Add a protein like some cubed chicken from the roast chicken you made over the weekend or a hardboiled egg. Then add a healthy fat – a few tablespoons of hummus or a nut butter to dip the veggies in. Olives are another tasty way to add healthy fats to your child’s lunchtime routine.
Having some glass or stainless steel lunch containers to make it easy to partition foods is a good idea. Ikea has some durable glass containers in different sizes.

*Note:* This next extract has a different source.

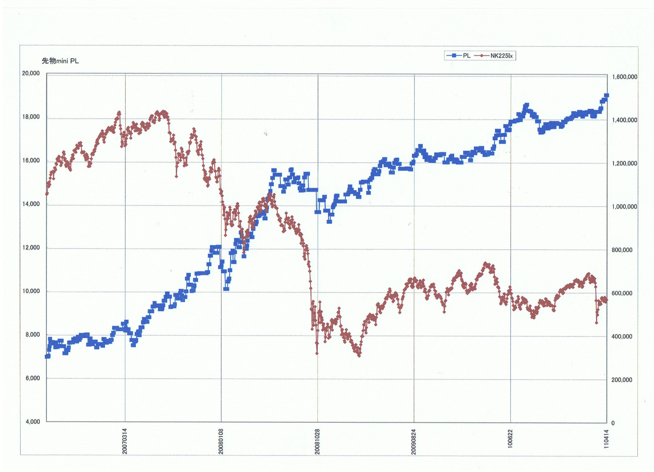 今回は大きな損失を回避する仕組みを追加した。先物miniが始まった2006/7/18から今日まで毎回先物mini 1枚でのトレード成績を表すグラフを添付した。投資対象は先物miniだが先物でもフリーの日経平均ETF(1346)でも活用できる。先物miniの場合1枚分の証拠金(3~10万円)あれば開始できる。最大ドローダウンが25万円くらいあるので30万円くらいの初期資金が望ましい。グラフでは30万円で初めて5年弱で140万円近くになった。大雑把に言って単利で年率100%くらい。ETF(1346)ではレバレッジが低いので成績は落ちるがリスクも減る。このプログラムがなければリーマンショックのときはドローダウンは倍くらい。東日本大震災でも大きく落ち込むが、このプログラムを追加することでリーマンショックは半減、大震災の影響は完全回避できた。(グラフ参照)
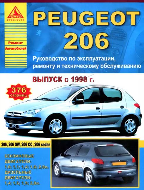 Книга по ремонту Пежо 206, руководство по ремонту, эксплуатации и техническому обслуживанию автомобилей Peugeot 206, 206 SW, 206 CC, 206 sedan с 1998 г. выпуска, оборудованных бензиновыми двигателями рабочим объемом 1,0, 1,1, 1,4, 1,6, 2,0 л., а также дизельными двигателями рабочим объемом 1,4, 1,6, 1,9, 2,0 л.

Create your child’s healthy lunch by choosing a few items from each section. It’s a good idea to consult the EWG (environmental working group) list of the clean fifteen and the dirty dozen to ensure you avoid potential pesticides and buy organic when necessary. Remember to always wash your fruit and vegetables before consuming them.
Carbohydrates:
Oranges
Mandarines
Apples
Strawberries
Grapes
Blueberries
Raspberries
Natural applesauce
Carrots
Cucumbers
Grape tomatoes
Celery stalks
Snap peas
Watermelon, cubed or sliced
Roasted vegetables (your child’s favorite), cut into cubes for easy eating
Sweet potatoes
Zucchini
Broccoli
Pumpkin
Beets
Proteins:
Hard-boiled eggs
Chicken that has been cubed or shredded
Lamb meatballs (or beef or pork)
Salmon cakes with squash or zucchini
Cheese (cheddar, feta, etc) that is cubed
Plain yogurt with frozen fruit added in a small container (flavored yogurt has added sugar)
Quinoa
Rice and beans
Tuna salad
Salami roll ups with parmesan cheese cubes
Tuna salad with greek yogurt dill and pickles
Healthy Fats:
Hummus
Nut butters: sunflower seed butter, almond butter, cashew butter. Always check the ingredients (look for no added sugar)
Guacamole
Homemade nut and dried fruit mix Pick from raw almonds, hazelnuts, almonds with dried cherries (no added sugar), raisins, coconut chips tossed together in a bag or glass jar.